Gençliğimden ve dünyevi oluşlara olan uzaklığımdan utansam da,onlar hala diş teli takan ve sırt çantasında çıkartmalar bulunan bir öğrenci tarafından akademik olarak yenilmekten daha çok utanmışlardı.Sonunda ilk diplomamı almıştım,sonra ikincisini ardından da üçüncüsünü.Bu arada yirmi beş yaşıma basmış doktora sonrası üniversite öğretim üyeliğine girmiş,belli bir görev süresi boyunca ders veriyordum,ve özel bir araştırma imtiyazı kazanmıştım.Ama dünyadaki tüm akademik başarılardan iyisi,aşıktım.

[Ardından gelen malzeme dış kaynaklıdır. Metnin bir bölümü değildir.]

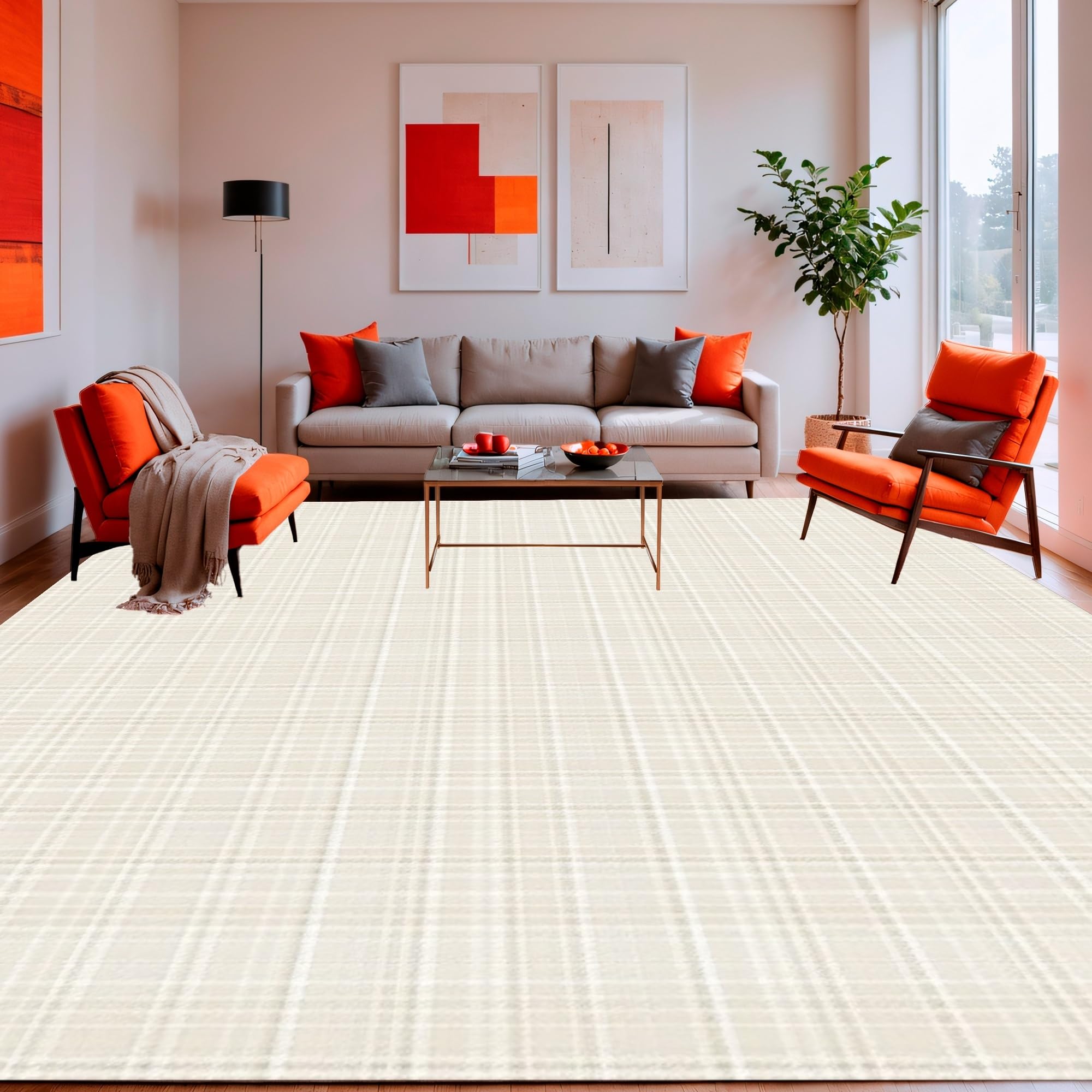 Beige Checkered Modern Farmhouse Plaid Grid Area(Beige)
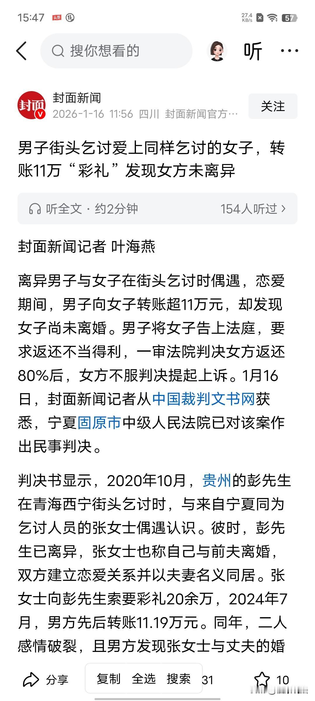 宁夏固原,离异男子乞讨时,偶遇一女子也在乞讨,女子隐瞒已婚事实,和男子恋爱并以夫妻名义同居,索要20余万彩礼要结婚,男子陆续给女子转账11.19万,不料,二人感情破裂分了手,男子却发现女子根本没离婚,便让她还钱,可女子一直不给,男子认为女子利用感情,以结婚为名骗钱,告上法院,让她还钱!可女子却说这笔钱是二人一起乞讨的钱和保姆费共计32万,不同意还钱,法院判决亮了。 2020年10月,街头的风冷飕飕的,贵州的彭先生衣衫朴素,为了生活,他缩在大街上乞讨。 可没想到,这种日复一日又艰苦无聊的生活,突然发生了转折,一次偶然,彭先生遇到了宁夏的张女士,巧的是,她也在乞讨,相同的经历,自然有共同话题。 彭先生跟张女士说了自己的情况,他早就离婚了,一个人过呢。 张女士长叹一声,说她也和前夫离婚了,自己没有什么本事,就选择了乞讨这种方式养活自己。 彭先生觉得张女士挺可怜的,一个女人走到这步确实挺不容易的,便心生怜悯,时不时的关心她一下。 一来二去,两人看对眼了,谈起了恋爱,后来两人干脆以夫妻名义同居了,在那出租屋里,想着以后能天长地久。 这恋爱谈着谈着,张女士就跟彭先生提出结婚,两人都处到这个份上了,不能总拖着,结婚的话,彭先生给20余万彩礼就行了。 彭先生一听,心里有点犯难,可他太想和张女士成个家了,一咬牙就同意了。 一转眼到了2024年7月,彭先生陆陆续续给张女士转了11.19万元。 每一次转钱,彭先生都觉得自己离结婚不远了,心里那叫一个美啊。 可是,好景不长,同年,彭先生和张女士不知道因为啥事,两人感情走到了尽头,谁都不想继续了。 偶然间,彭先生发现一件令他心寒的事,他发现张女士根本就没有和其丈夫离婚! 彭先生得知真相后,感觉自己被张女士当猴儿耍了,她不仅欺骗自己的感情,还骗走自己11万多块钱,他是既心碎又崩溃。 分手后,彭先生觉得自己被张女士欺骗了,他去找她想要回11.19万彩礼钱。 可没想到,张女士翻脸无情,不管彭先生怎么索要,她坚决不给。 彭先生非常气愤,觉得张女士为了要彩礼,就借着结婚为名,骗了自己的感情还骗了自己的钱。 于是,彭先生一纸诉状将张女士告上法院,要求她返还不当得利的11.19万元彩礼钱。 《民法典》第122条规定:因他人没有法律根据,取得不当利益,受损失的人有权请求其返还不当利益。 在这件事儿里,彭先生给张女士转了 11.19 万元,原本是奔着结婚去的,是基于对张女士已离婚且会和自己结婚的信任。 可他后来发现张女士根本就没离婚,这就意味着张女士获得这 11.19 万元是没有合法依据的。 彭先生因为转钱遭受了经济损失,而张女士却实实在在得到了这笔钱,所以彭先生以不当得利要求张女士返还钱款,在法律上是站得住脚的。 一审法院判决:张女士返还已支付彩礼的80%,也就是89536元。 一审判决后,张女士不服,提出上诉。 她说那笔钱不是彩礼,这是两人在一起5年乞讨赚的钱,一共32万元,所以,这笔钱是两人乞讨攒的钱还有保姆费。 首先解释一下,一审法院判决张女士返还已支付彩礼80%,为什么少给彭先生钱了呢? 要知道,法院没有判决张女士全额返还,而是酌定返还 80%,这可能是综合多方面因素考虑的。 一方面,彭先生和张女士在一起生活了一段时间,虽然张女士没离婚,但他们确实是以夫妻名义同居了。 在这段同居生活里,双方可能有一定的共同生活支出,比如一起吃饭、租房等费用,这些费用可能就从彭先生转的钱里支出了。 所以,法院考虑到这部分实际情况,没有让张女士全额返还。 另一方面,这也是一种公平原则的体现,既保护了彭先生作为受损方的合法权益,也兼顾了张女士在这段关系中的一些付出和实际情况。 从道德方面,张女士自称已离婚,让彭先生误以为可以和她组建家庭,甚至以夫妻名义同居。 但实际上她仍和丈夫保持婚姻关系,这种“脚踏两条船”的行为,本质上是利用彭先生的感情需求,为自己谋取利益。 再说回二审法院会如何判定呢? 张女士上诉称这 11.19 万元是“共同乞讨所得及保姆费”,但她拿不出证据来证明。 《民事诉讼法》第64条规定:当事人对自己提出的主张,有责任提供证据。 张女士没办法证明这钱是共同乞讨挣的和给她当保姆的钱。 而彭先生却能拿出证据证明自己转钱是为了结婚,属于彩礼性质。 所以,二审法院认为彭先生的证据更充分,张女士的主张没有依据。 2025年9月25日,二审法院判决:驳回张女士上诉,维持了一审判决。 这也给咱们大家提了个醒,在寻找爱情的道路上,可不能被一时的甜蜜冲昏了头脑,一定要擦亮眼睛,看清对方的真实面目。尤其是在涉及金钱往来的时候,更要谨慎再谨慎!
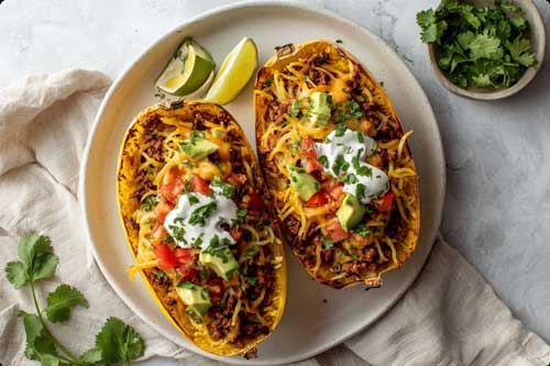PrintKeto Spaghetti Squash Taco Boats Recipe
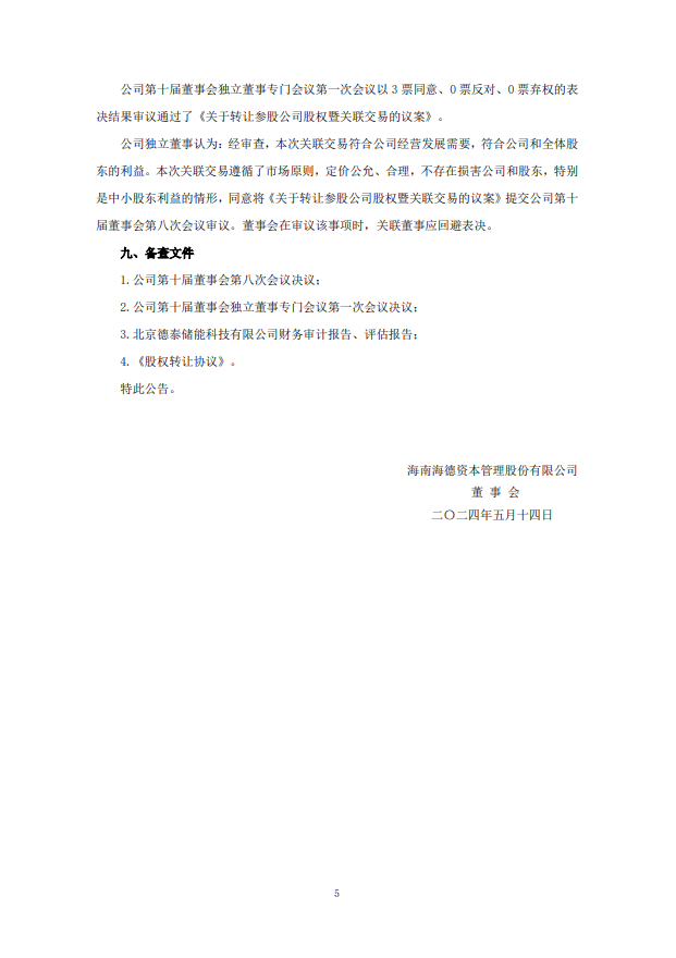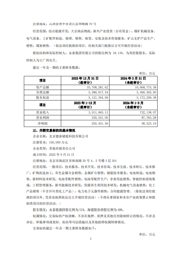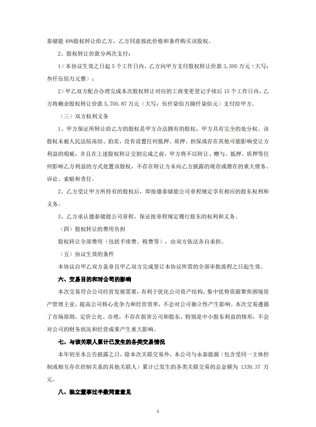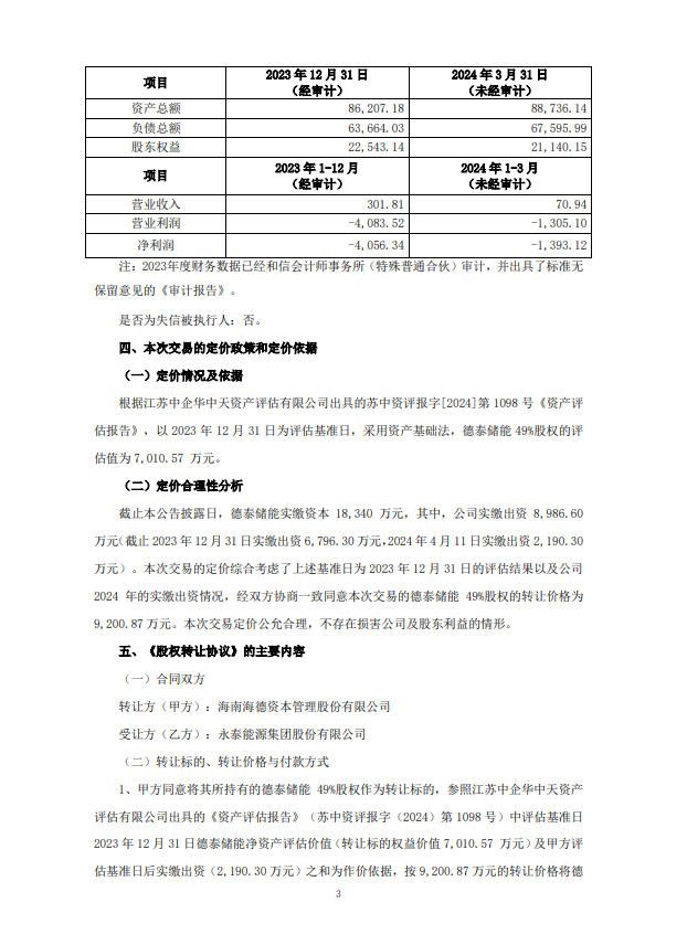 根据公告,德泰储能由公司与永泰能源于2022年9月21日共同出资设立,永泰能源持有德泰储能51%股权,为其控股股东,公司持有德泰储能49%股权。本次交易参考资产评估机构出具的资产评估结果,经双方协商确定德泰储能49%股权转让价格为9200.87万元。
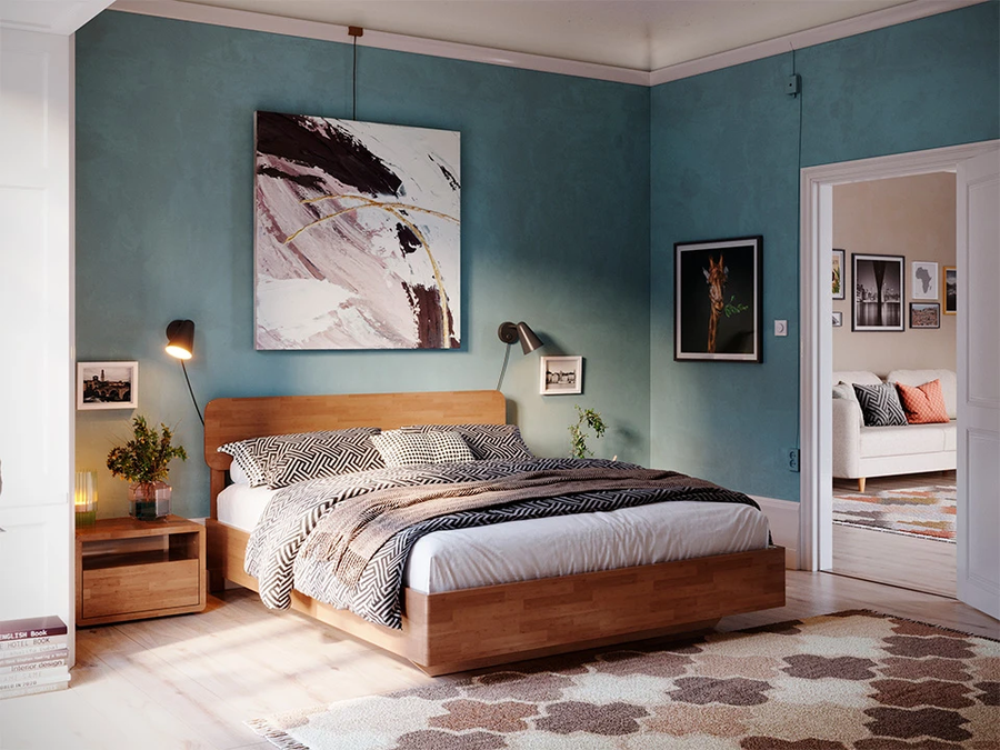 • Парящий царговый пояс визуально увеличивает пространство спальни, добавляет «воздуха» в интерьере.
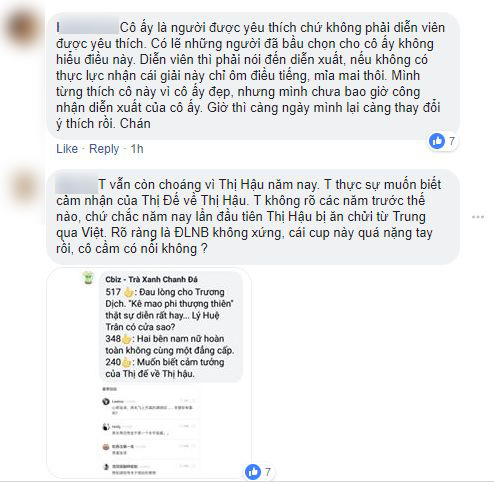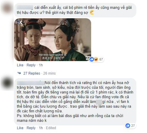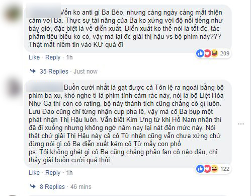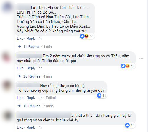 Còn ở Việt Nam, khán giả yêu mến phim Hoa ngữ cũng buông lời chỉ trích giải thưởng Kim Ưng 2018 khi đã trao giải cho Địch Lệ Nhiệt Ba.
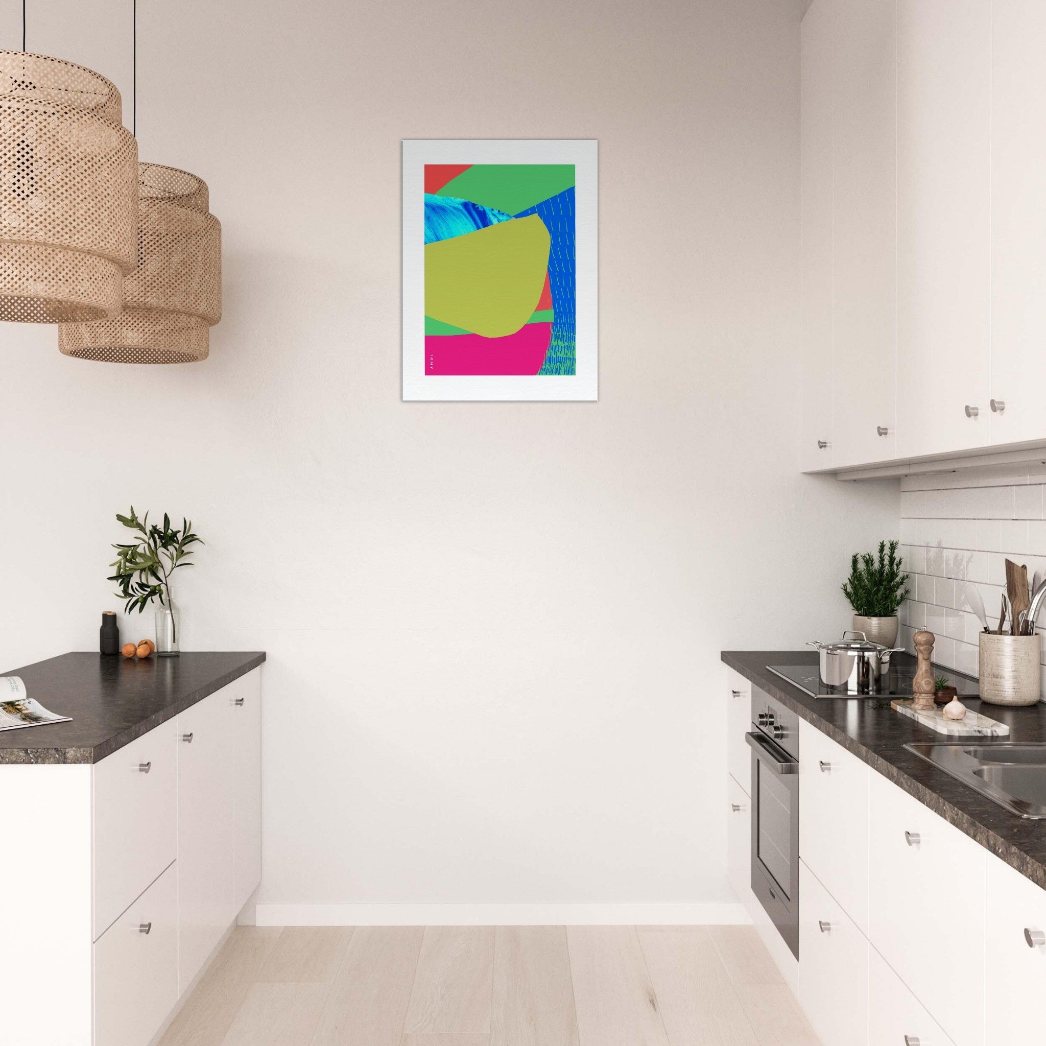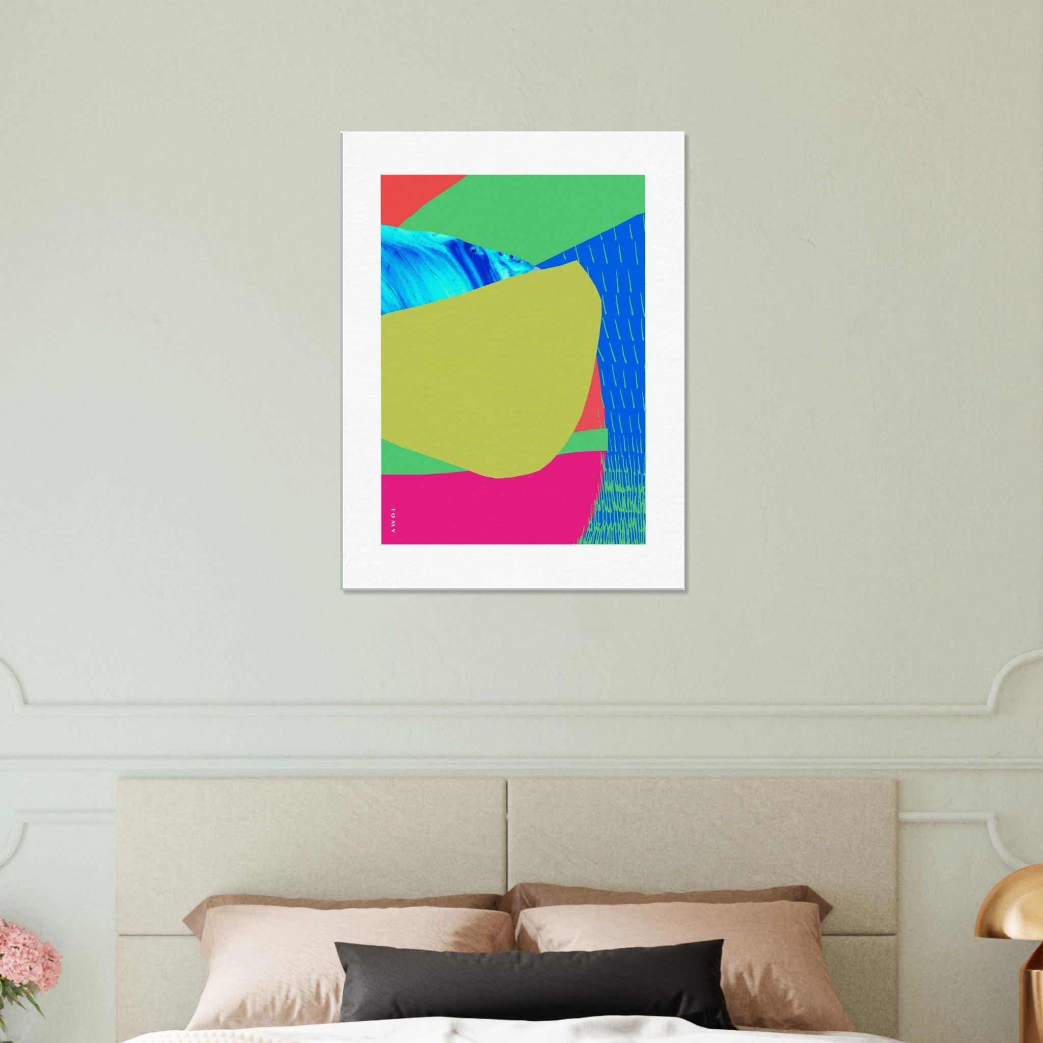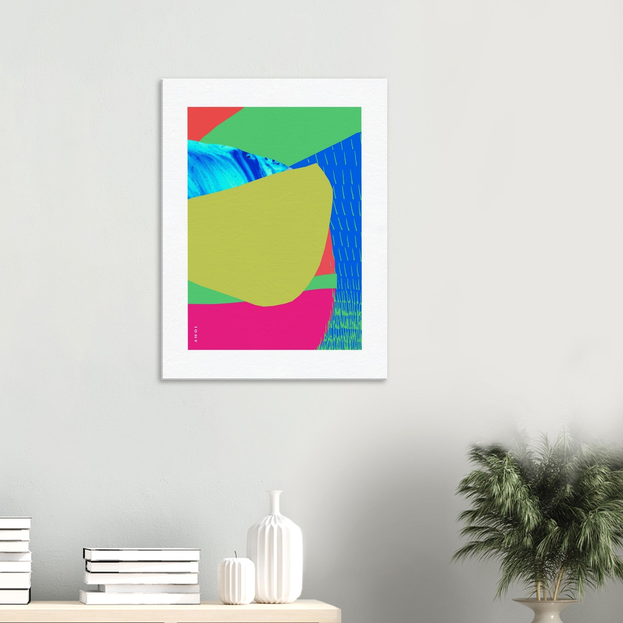 This colourful, abstract canvas wall art print was inspired by travels across Southeast Asia landscapes, in the tropical paradise destinations of Bali, Thailand, India and Vietnam. From the crystal clear turquoise waters, white sandy beaches, waterfalls, blue lagoons, sunshine, exotic flowers and rolling hills, rice fields and tropical jungles, this abstract landscape travel print on canvas is filled with bright happy colours, fluid lines and organic abstract shapes evoking the sensory overload of beauty, sweet fragrances and incredibly beautiful, lush exotic landscapes of the coastlines and tropical islands experienced on these life changing trips to paradise. Turquoise and azure blue colours meet bright pink, vivid greens and warm reds, in a graphic and bold abstract art composition with hand drawn lines evoking rice fields, and painted fluid water abstractions inspired by blue lagoons, majestic waterfalls, rivers and the ever present surrounding ocean waves and calm hidden bays. This exotic, colourful print on canvas is a graphic modern artwork of relaxation, natural beauty, flow and zen experienced while travelling to these incredible seaside destinations. This tropical art print on canvas is ready to hang, and will bring the blissful vacation vibes of Bali, Vietnam and Thailand beach paradises to your wall art decor, allowing you to experience these travel memories again and again from your home decor, and infusing your wall decor with good vibes, sunshine and a happy colourful modern art aesthetic.

Onun karakterine ve güzelliğine savurgan övgüler düzmek sevgilime hakaret olurdu.Birine gerçekten,sersemce karasevdalıysanız subjektifliğinizin keskin pusu onların etrafını çevreler,her kusurunu o kadar cilalar ki dünyadaki en değerli mücevhermişçesine parlarlar.Onun yumuşak ılık cildini düşünmek tüm gün aklımı kemirdi,ve geceleri onunla olmanın,doğal parfümünün kasvetli kokusunu soluyup gününün nasıl geçtiğini anlatışını dinlemenin özlemini çektim.Ötekileri karşı çıkabilir,ama bana göre o dünyadaki en mükemmel insandı.
Tess’in depresif olduğunu biliyordum.Kendimi beğenmişliğimle onu tedavi edebileceğimi sandım,nesiller boyu psikologların ve eczacıların başaramadığı şeyi başaracağımı sandım.
 Kötü gecelerde,bitkinlikten sarsılana dek hüngür hüngür ağlardı.Saatlerce uyanık yatardı,hain aklı,normal bir zihnin kolayca savuşturabileceği ‘’eğer?’’ senaryoları ile ona işkence ederdi.Ona sıkı sıkı sarılır ve her şeyin geçeceğini söylerdim.Parlak geleceğimizden konuşurdum,sonunda nasıl gülleri budayabileceği,yabani otları sökebileceği kırsal kesimlerde yaşayacağımızdan konuşurdum.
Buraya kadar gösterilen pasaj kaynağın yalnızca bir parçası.